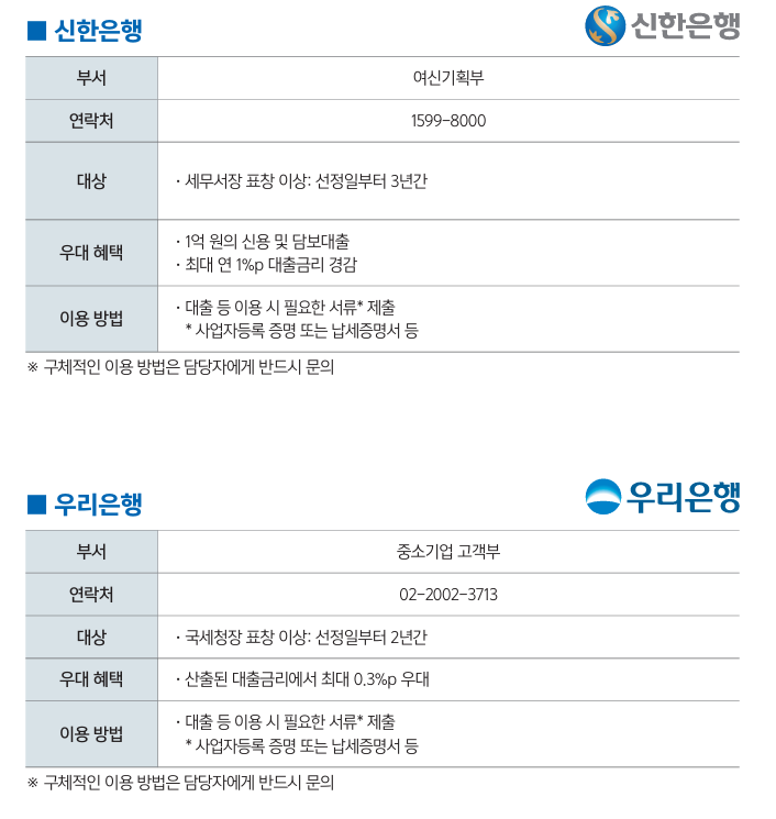 | IBK 기업은행 | 국세청장 표창 이상 | 전국 | 선정일부터 2년 |
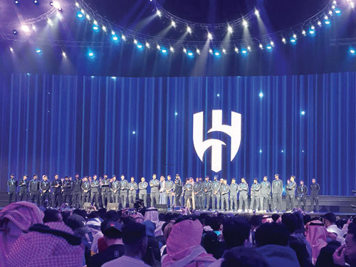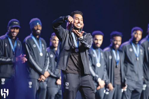 نجحت وزارة الرياضة وهيئة الترفيه مساء أمس بإقامة حفل فاخر يليق بوصيف بطل العالم للأندية الزعيم العالمي الفريق الهلالي فور وصول البعثة الى الرياض.. فجمع كبار الفنانين ماجد المهندس وراشد الفارس وفؤاد عبدالواحد، وغنوا للوطن وللقيادة وللبطل في ليلة وطنية فاخرة وفائقة الجمال، فتفاعل الحضور مع الليلة التاريخية التي شهدت حضور عدد من الشخصيات الهلالية الكبيرة والآلاف من الجماهير الهلالية. كانت البداية بتقديم نجوم الإنجاز لاعبي الفريق الهلالي فردا فردا مع الجهازين الإداري والفني فكانت البداية بكلمة لقائد الفريق الغائب الحاضر سلمان الفرج ومن ثم المعيوف وسالم الدوسري وكاريلو وميشيل وفييتو والكوري جانج هيون والذين كانت كلماتهم مختصرة تفاعل معها الجمهور الهلالي الكثيف الحاضر.
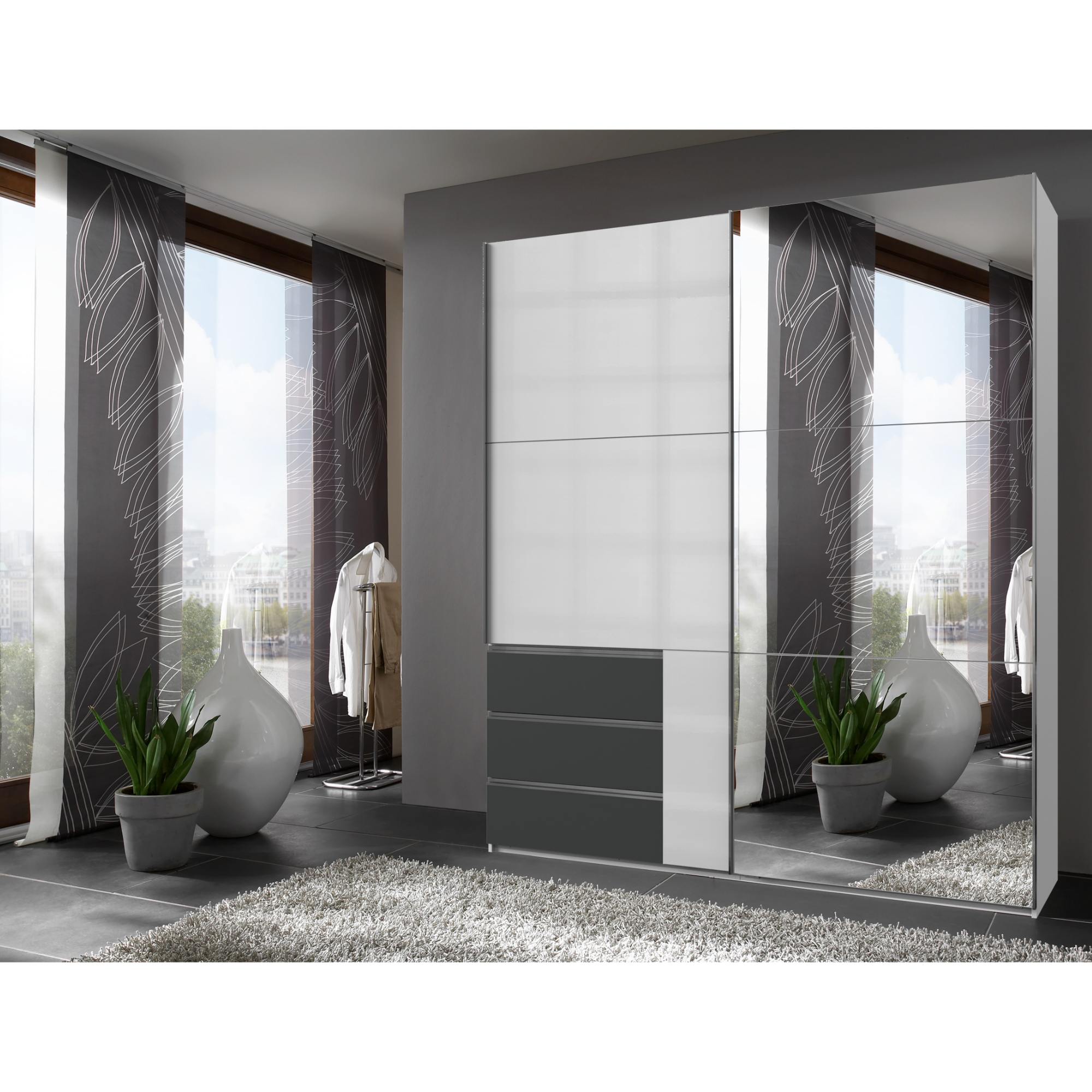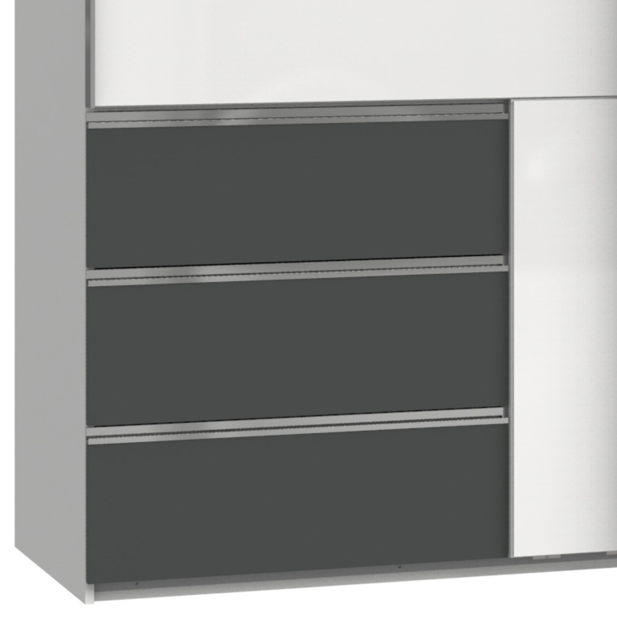 Šatníková skriňa ELIOT pôsobí moderným a zároveň čistým dojmom vďaka atraktívnemu vyhotoveniu konštrukcie v odtieňoch bielej a grafitovej farby. Predné plochy vo vysokom lesku dodávajú skrini na luxuse. Posuvné dvere zaisťujú pohodlnú manipuláciu a umožňujú ľahký prístup k uloženým odevom. Zároveň šetria miesto v interiéri.
::::
_Your assignment:_
Retype all the data exactly, please, without pictures.

_Solution below:_
 | IBK 기업은행 | 국세청장 표창 이상 | 전국 | 선정일부터 2년 |
 نجحت وزارة الرياضة وهيئة الترفيه مساء أمس بإقامة حفل فاخر يليق بوصيف بطل العالم للأندية الزعيم العالمي الفريق الهلالي فور وصول البعثة الى الرياض.. فجمع كبار الفنانين ماجد المهندس وراشد الفارس وفؤاد عبدالواحد، وغنوا للوطن وللقيادة وللبطل في ليلة وطنية فاخرة وفائقة الجمال، فتفاعل الحضور مع الليلة التاريخية التي شهدت حضور عدد من الشخصيات الهلالية الكبيرة والآلاف من الجماهير الهلالية. كانت البداية بتقديم نجوم الإنجاز لاعبي الفريق الهلالي فردا فردا مع الجهازين الإداري والفني فكانت البداية بكلمة لقائد الفريق الغائب الحاضر سلمان الفرج ومن ثم المعيوف وسالم الدوسري وكاريلو وميشيل وفييتو والكوري جانج هيون والذين كانت كلماتهم مختصرة تفاعل معها الجمهور الهلالي الكثيف الحاضر.
 Šatníková skriňa ELIOT pôsobí moderným a zároveň čistým dojmom vďaka atraktívnemu vyhotoveniu konštrukcie v odtieňoch bielej a grafitovej farby. Predné plochy vo vysokom lesku dodávajú skrini na luxuse. Posuvné dvere zaisťujú pohodlnú manipuláciu a umožňujú ľahký prístup k uloženým odevom. Zároveň šetria miesto v interiéri.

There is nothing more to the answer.